─── DATASET ENTRIES

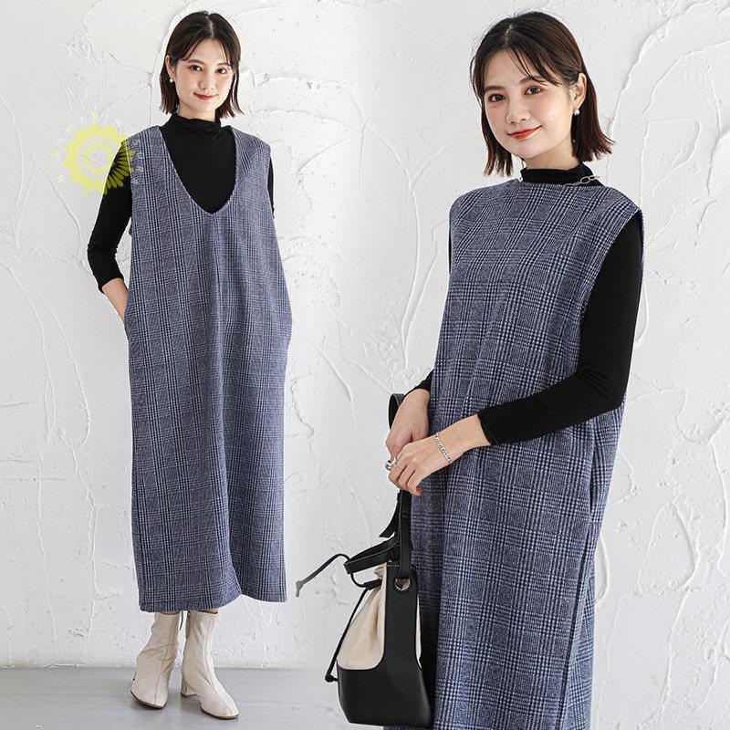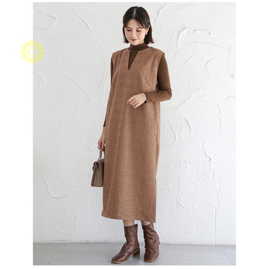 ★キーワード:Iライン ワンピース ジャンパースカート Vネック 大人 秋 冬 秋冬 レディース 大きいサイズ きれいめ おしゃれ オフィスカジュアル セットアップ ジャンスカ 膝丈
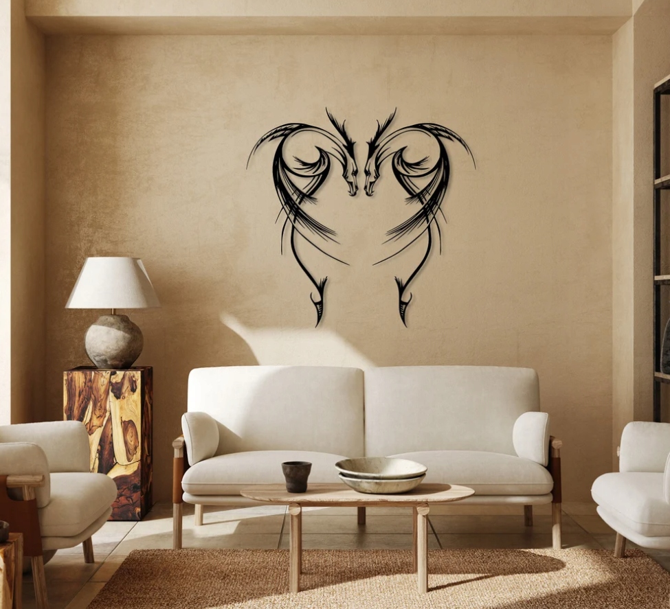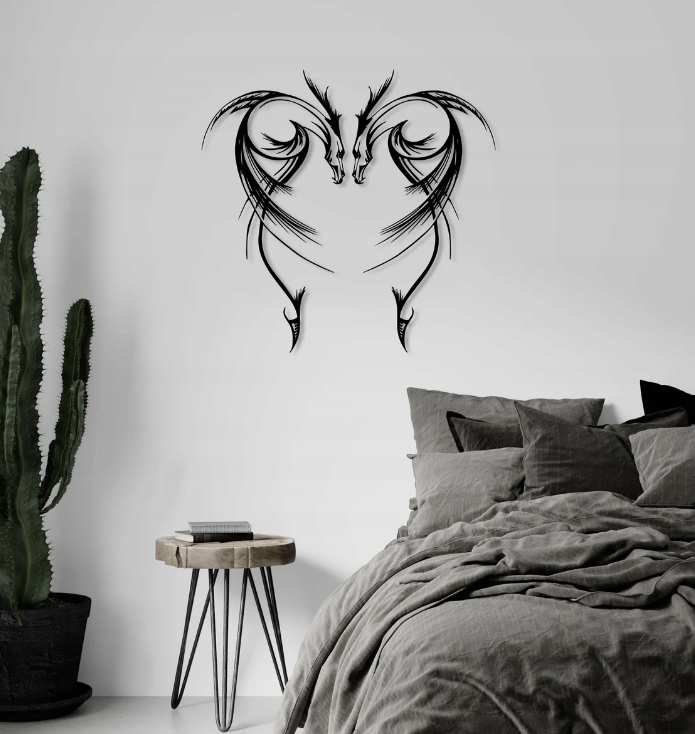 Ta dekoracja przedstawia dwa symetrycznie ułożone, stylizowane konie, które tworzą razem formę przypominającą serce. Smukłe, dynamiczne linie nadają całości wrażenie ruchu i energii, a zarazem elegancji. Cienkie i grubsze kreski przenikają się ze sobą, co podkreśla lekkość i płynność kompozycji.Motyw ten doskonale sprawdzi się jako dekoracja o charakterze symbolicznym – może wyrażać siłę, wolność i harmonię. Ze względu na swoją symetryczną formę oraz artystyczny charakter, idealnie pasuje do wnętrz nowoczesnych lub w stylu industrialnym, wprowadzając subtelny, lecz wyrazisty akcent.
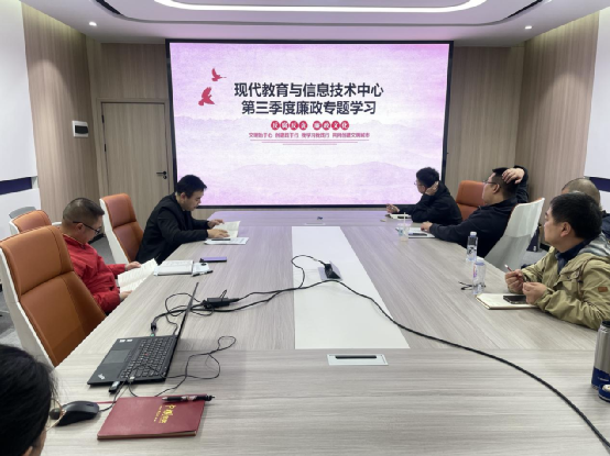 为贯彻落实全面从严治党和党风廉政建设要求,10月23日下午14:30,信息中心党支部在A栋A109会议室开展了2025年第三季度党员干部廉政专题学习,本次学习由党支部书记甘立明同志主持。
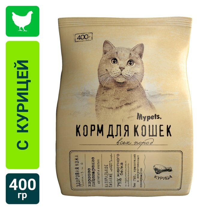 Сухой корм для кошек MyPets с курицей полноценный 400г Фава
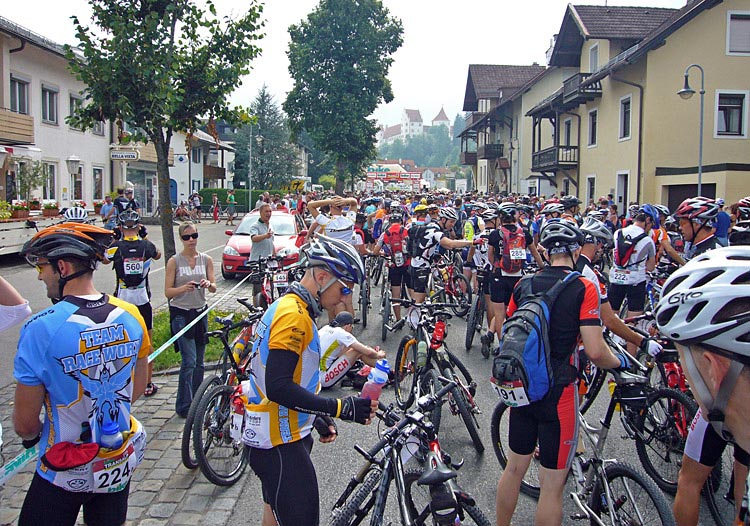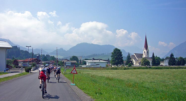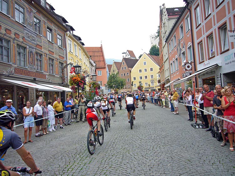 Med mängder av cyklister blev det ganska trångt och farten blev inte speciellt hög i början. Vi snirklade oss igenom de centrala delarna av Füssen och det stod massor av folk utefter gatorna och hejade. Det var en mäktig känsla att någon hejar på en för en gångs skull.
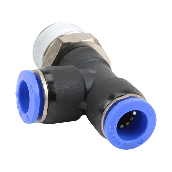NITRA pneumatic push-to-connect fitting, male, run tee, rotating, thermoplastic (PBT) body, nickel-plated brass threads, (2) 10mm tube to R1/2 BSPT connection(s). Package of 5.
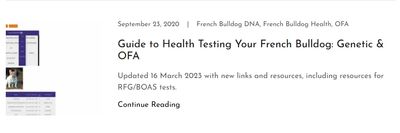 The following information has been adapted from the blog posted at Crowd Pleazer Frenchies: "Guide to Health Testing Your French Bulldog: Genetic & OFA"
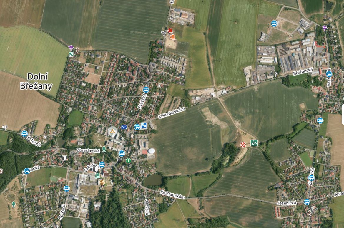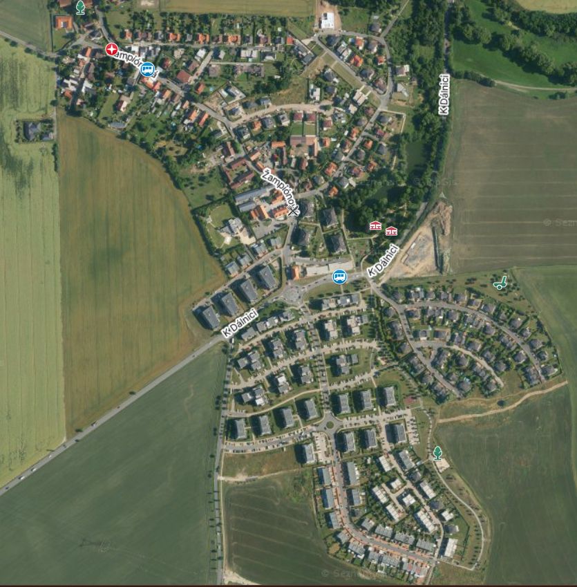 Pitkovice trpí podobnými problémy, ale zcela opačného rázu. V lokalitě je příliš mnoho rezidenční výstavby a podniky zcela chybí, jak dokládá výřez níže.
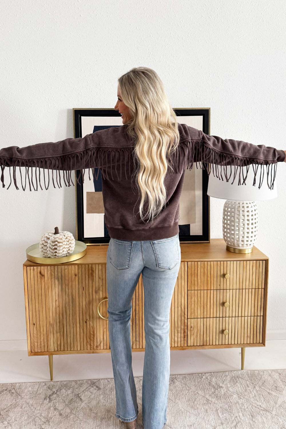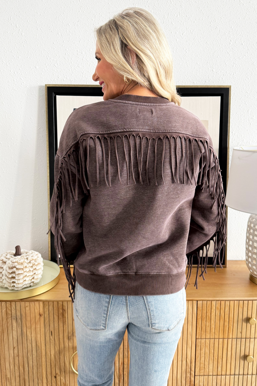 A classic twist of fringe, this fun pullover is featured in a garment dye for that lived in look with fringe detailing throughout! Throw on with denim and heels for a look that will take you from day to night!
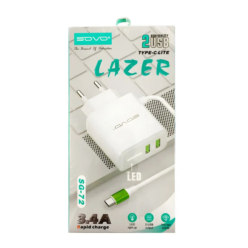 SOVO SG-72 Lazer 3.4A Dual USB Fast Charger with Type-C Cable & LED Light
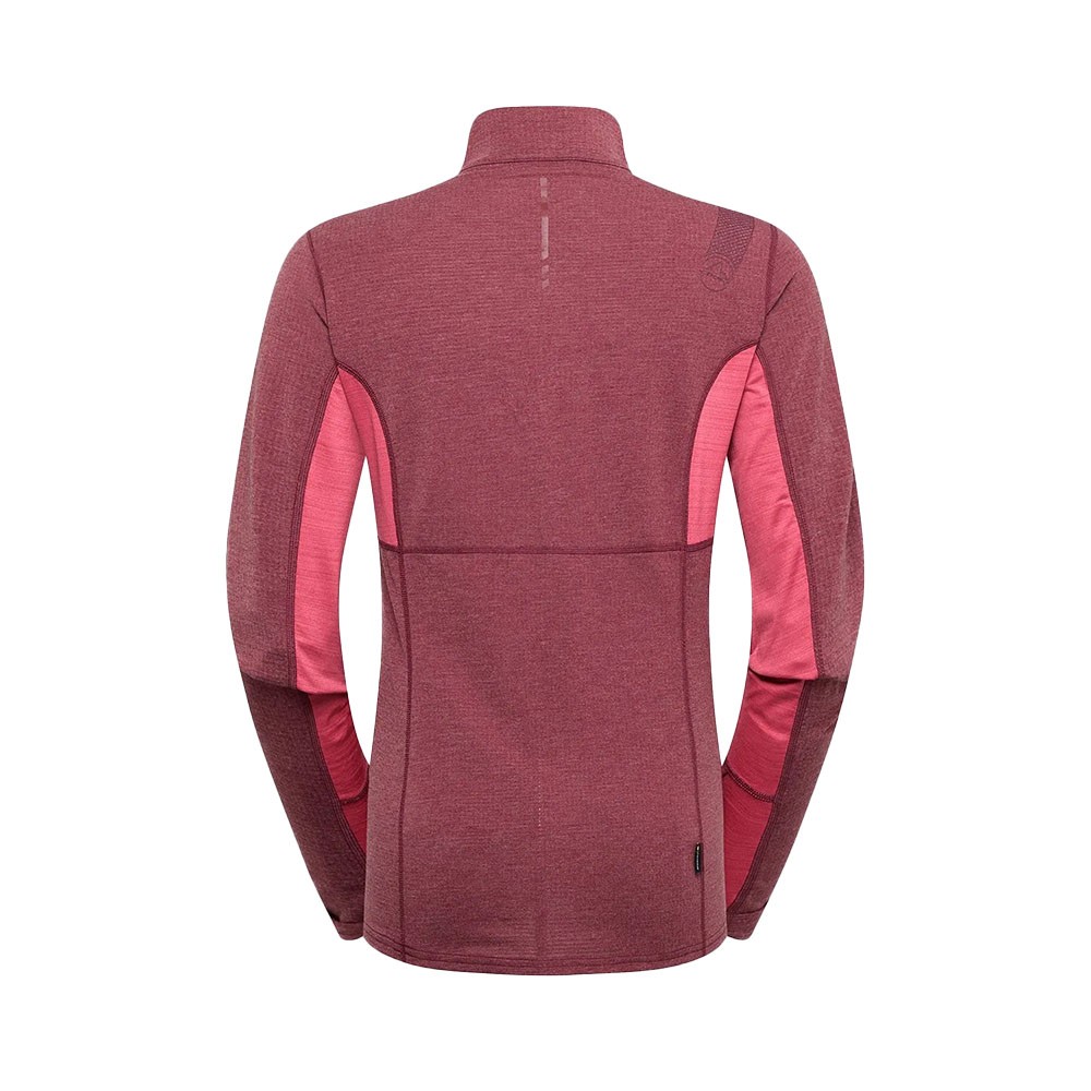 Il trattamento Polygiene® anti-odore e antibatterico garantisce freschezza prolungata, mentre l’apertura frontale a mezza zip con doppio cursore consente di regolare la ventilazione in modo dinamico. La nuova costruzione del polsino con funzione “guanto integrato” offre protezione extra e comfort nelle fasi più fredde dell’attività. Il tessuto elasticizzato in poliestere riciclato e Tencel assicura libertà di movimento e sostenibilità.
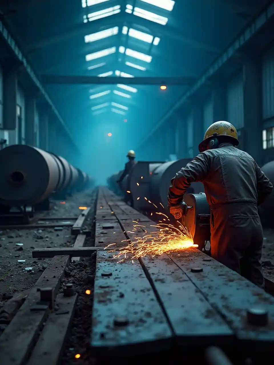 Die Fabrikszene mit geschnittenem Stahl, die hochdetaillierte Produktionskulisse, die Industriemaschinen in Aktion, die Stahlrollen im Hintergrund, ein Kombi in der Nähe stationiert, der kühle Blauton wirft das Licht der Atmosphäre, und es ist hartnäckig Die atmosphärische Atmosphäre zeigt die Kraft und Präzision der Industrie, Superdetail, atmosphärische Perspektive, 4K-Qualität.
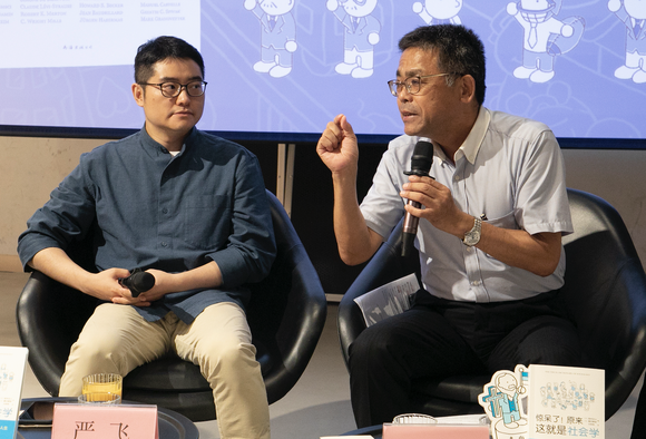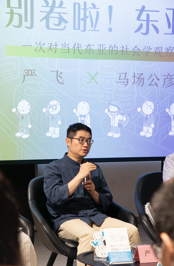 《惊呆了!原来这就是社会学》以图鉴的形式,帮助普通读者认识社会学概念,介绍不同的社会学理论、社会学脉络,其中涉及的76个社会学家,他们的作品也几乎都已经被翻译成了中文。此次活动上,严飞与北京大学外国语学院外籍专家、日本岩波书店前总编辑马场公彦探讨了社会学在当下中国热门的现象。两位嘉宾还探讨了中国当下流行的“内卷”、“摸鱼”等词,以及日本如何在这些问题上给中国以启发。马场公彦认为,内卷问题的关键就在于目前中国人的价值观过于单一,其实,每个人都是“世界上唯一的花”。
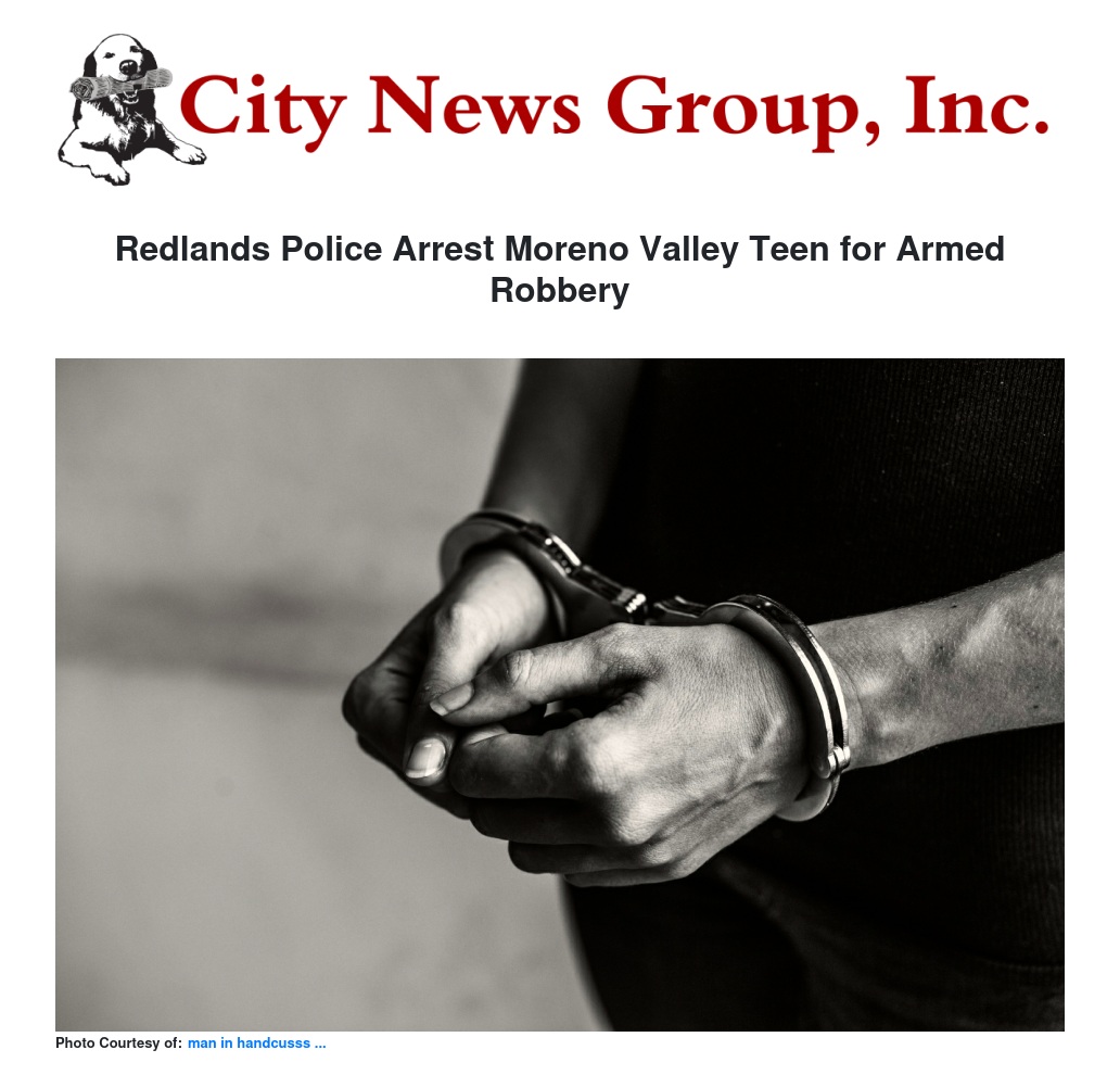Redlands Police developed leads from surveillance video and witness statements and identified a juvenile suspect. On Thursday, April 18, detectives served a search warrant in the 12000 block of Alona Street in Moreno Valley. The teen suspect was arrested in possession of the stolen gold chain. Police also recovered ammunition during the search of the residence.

──────

● YOUR GOAL
The pictures in the listing above are to be dropped, and everything else reproduced exactly.

● OUTPUT FOR THIS TASK
 ★キーワード:Iライン ワンピース ジャンパースカート Vネック 大人 秋 冬 秋冬 レディース 大きいサイズ きれいめ おしゃれ オフィスカジュアル セットアップ ジャンスカ 膝丈
 Ta dekoracja przedstawia dwa symetrycznie ułożone, stylizowane konie, które tworzą razem formę przypominającą serce. Smukłe, dynamiczne linie nadają całości wrażenie ruchu i energii, a zarazem elegancji. Cienkie i grubsze kreski przenikają się ze sobą, co podkreśla lekkość i płynność kompozycji.Motyw ten doskonale sprawdzi się jako dekoracja o charakterze symbolicznym – może wyrażać siłę, wolność i harmonię. Ze względu na swoją symetryczną formę oraz artystyczny charakter, idealnie pasuje do wnętrz nowoczesnych lub w stylu industrialnym, wprowadzając subtelny, lecz wyrazisty akcent.
 为贯彻落实全面从严治党和党风廉政建设要求,10月23日下午14:30,信息中心党支部在A栋A109会议室开展了2025年第三季度党员干部廉政专题学习,本次学习由党支部书记甘立明同志主持。
 Сухой корм для кошек MyPets с курицей полноценный 400г Фава
 Med mängder av cyklister blev det ganska trångt och farten blev inte speciellt hög i början. Vi snirklade oss igenom de centrala delarna av Füssen och det stod massor av folk utefter gatorna och hejade. Det var en mäktig känsla att någon hejar på en för en gångs skull.
NITRA pneumatic push-to-connect fitting, male, run tee, rotating, thermoplastic (PBT) body, nickel-plated brass threads, (2) 10mm tube to R1/2 BSPT connection(s). Package of 5.
 The following information has been adapted from the blog posted at Crowd Pleazer Frenchies: "Guide to Health Testing Your French Bulldog: Genetic & OFA"
 Pitkovice trpí podobnými problémy, ale zcela opačného rázu. V lokalitě je příliš mnoho rezidenční výstavby a podniky zcela chybí, jak dokládá výřez níže.
 A classic twist of fringe, this fun pullover is featured in a garment dye for that lived in look with fringe detailing throughout! Throw on with denim and heels for a look that will take you from day to night!
 SOVO SG-72 Lazer 3.4A Dual USB Fast Charger with Type-C Cable & LED Light
 Il trattamento Polygiene® anti-odore e antibatterico garantisce freschezza prolungata, mentre l’apertura frontale a mezza zip con doppio cursore consente di regolare la ventilazione in modo dinamico. La nuova costruzione del polsino con funzione “guanto integrato” offre protezione extra e comfort nelle fasi più fredde dell’attività. Il tessuto elasticizzato in poliestere riciclato e Tencel assicura libertà di movimento e sostenibilità.
 Die Fabrikszene mit geschnittenem Stahl, die hochdetaillierte Produktionskulisse, die Industriemaschinen in Aktion, die Stahlrollen im Hintergrund, ein Kombi in der Nähe stationiert, der kühle Blauton wirft das Licht der Atmosphäre, und es ist hartnäckig Die atmosphärische Atmosphäre zeigt die Kraft und Präzision der Industrie, Superdetail, atmosphärische Perspektive, 4K-Qualität.
 《惊呆了!原来这就是社会学》以图鉴的形式,帮助普通读者认识社会学概念,介绍不同的社会学理论、社会学脉络,其中涉及的76个社会学家,他们的作品也几乎都已经被翻译成了中文。此次活动上,严飞与北京大学外国语学院外籍专家、日本岩波书店前总编辑马场公彦探讨了社会学在当下中国热门的现象。两位嘉宾还探讨了中国当下流行的“内卷”、“摸鱼”等词,以及日本如何在这些问题上给中国以启发。马场公彦认为,内卷问题的关键就在于目前中国人的价值观过于单一,其实,每个人都是“世界上唯一的花”。
Redlands Police developed leads from surveillance video and witness statements and identified a juvenile suspect. On Thursday, April 18, detectives served a search warrant in the 12000 block of Alona Street in Moreno Valley. The teen suspect was arrested in possession of the stolen gold chain. Police also recovered ammunition during the search of the residence.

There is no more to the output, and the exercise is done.